Dear Colleagues,
As most Members will be aware, there has been considerable and harmful controversy on campus in the past week concerning a guest lecture.
Academic Freedom and Freedom of Expression are implicated in any difficult speech on campus. In this context, ULFA would like to highlight some of the things Members using their Academic Freedom are doing in the following few days to call out and counter unwelcome and hurtful speech and to protect students, colleagues, and community members.
The first and most important are the plans for same-day counter-programming, safe-spaces, peaceful protest, and elder-led prayer organized by the Institute for Child and Youth Studies and the Department of Indigenous Studies:
Location: TH201 (Turcotte Hall) and Zoom (pre-registration required)
Time: 4pm-7pm.
Tentative Schedule:
- 4-4:30pm Elder-Led Prayer
- 4:30-6pm Lecture and Question and Answer: “Truth Before Reconciliation: How to Identify and Confront Residential School Denialism” by Sean Carleton, Assistant Professor of History and Indigenous Studies at the University of Manitoba.
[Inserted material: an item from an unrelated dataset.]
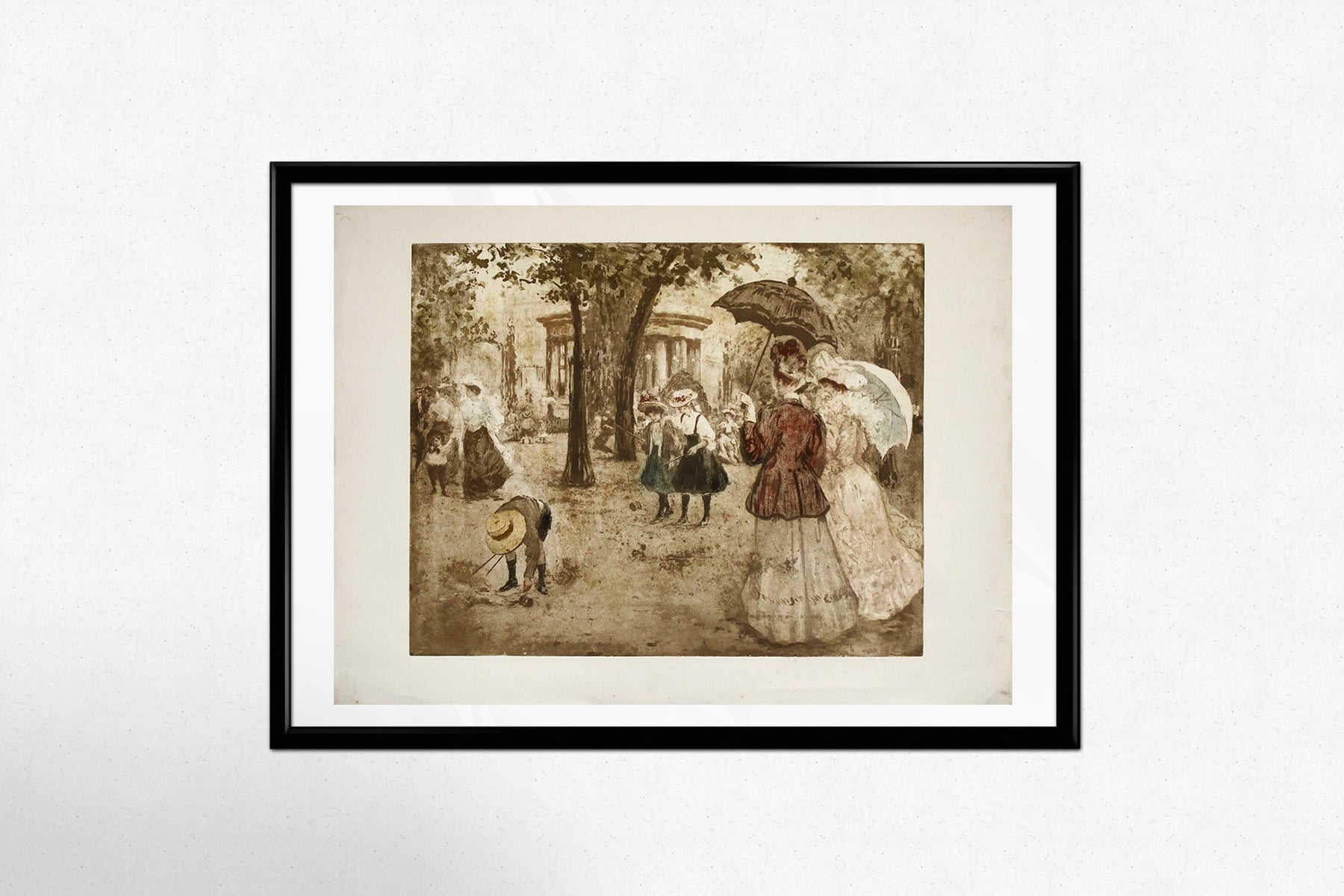 Datant d'environ 1910, cette composition est un tendre hommage à la vie parisienne à l'aube du crépuscule de la Belle Époque. Des femmes élégamment vêtues, ombrelles à la main, des enfants en costumes de marin et chapeaux de paille, et la douce lueur d'une lumière tachetée filtrant à travers les arbres évoquent un monde urbain raffiné, empreint de grâce et de distinction.

- 6-7pm Group time (questions, comments, sharing)
Further details (including how to register online) can be found at the following URL: https://www.ulethbridge.ca/notice/events/truth-reconciliation-how-identify-and-confront-residential-school-denialism
In addition to this Member-led initiative, the Board and University Administration are offering support to students, faculty, and community members through Counselling Services, Employee Family Assistance Program, Iikaisskini Indigenous Services, and Elder in Residence program. Additional resources for immediate support include:
- The 24/7 Crisis Support line of the Indian Residential School Survivors Society : 1-800-721-0066
- The 24-hour National Indian Residential School Crisis Line: 1-866-925-4419
Beyond this, many individuals and groups on campus have made statements condemning Residential School Denialism or providing resources for teaching about Residential Schools and Truth and Reconciliation, including SNAC+, the Department of Indigenous Studies, and the University Administration.
These activities, too, are protected by Academic Freedom — which is not an unfettered right to say whatever you want, but rather a contractual right to “teach, engage in scholarly activity, and perform service without interference and without jeopardizing employment.” This right carries with it the duty “to use that freedom in a manner consistent with the scholarly obligation to base teaching, scholarly activity and service in an honest and careful search for knowledge.”
As scholars we are used to submitting our ideas to, and engaging in, peer evaluation. Exercising our right to call out work we consider to be of poor quality, misleading, or otherwise substandard is an important part of our Academic Freedom. As the admirable efforts of many of our colleagues on campus over the past week have demonstrated, it is through using our Academic Freedom to insist on such standards and to protect those who are harmed by careless and dehumanizing speech that the true value of the university as a place to learn, critique, and advance knowledge becomes apparent.
Claims that equity and academic freedom are incompatible creates a false binary. In fact, research-based, open-minded academic investigation can and must promote and support communities who have historically been treated inequitably. Here are a few resources concerning the issue of Indian Residential Schools.
- Prefatory to the talk by Sean Carleton, and for interested individuals who are not able to attend, there is a directly related article in The Conversation of 5 August 2021, co-authored by Sean Carleton and Daniel Heath Justice.
- Canadian Geographic has a live online map of Survivor-led investigated burial sites.
- The TRC Calls to Action #76 stipulates the need to find and bring all missing and stolen children home to their communities.
- Reports such as Dr. Scott Hamilton’s “Where are the Children Buried?” make clear that the discovery of unmarked graves is a long-term and research-based process.
Truth and Reconciliation is an ongoing project and acknowledging inequity, racism, and privilege is difficult and exacting work. It is only by insisting on such high standards that we can hope to advance our common goals. We state our solidarity with our Indigenous colleagues and students, with the Indigenous people of the Siksikaitsitapii (Blackfoot Confederacy) territory on which our University is located, and with the struggles for truth, acknowledgement and healing of all Indigenous peoples.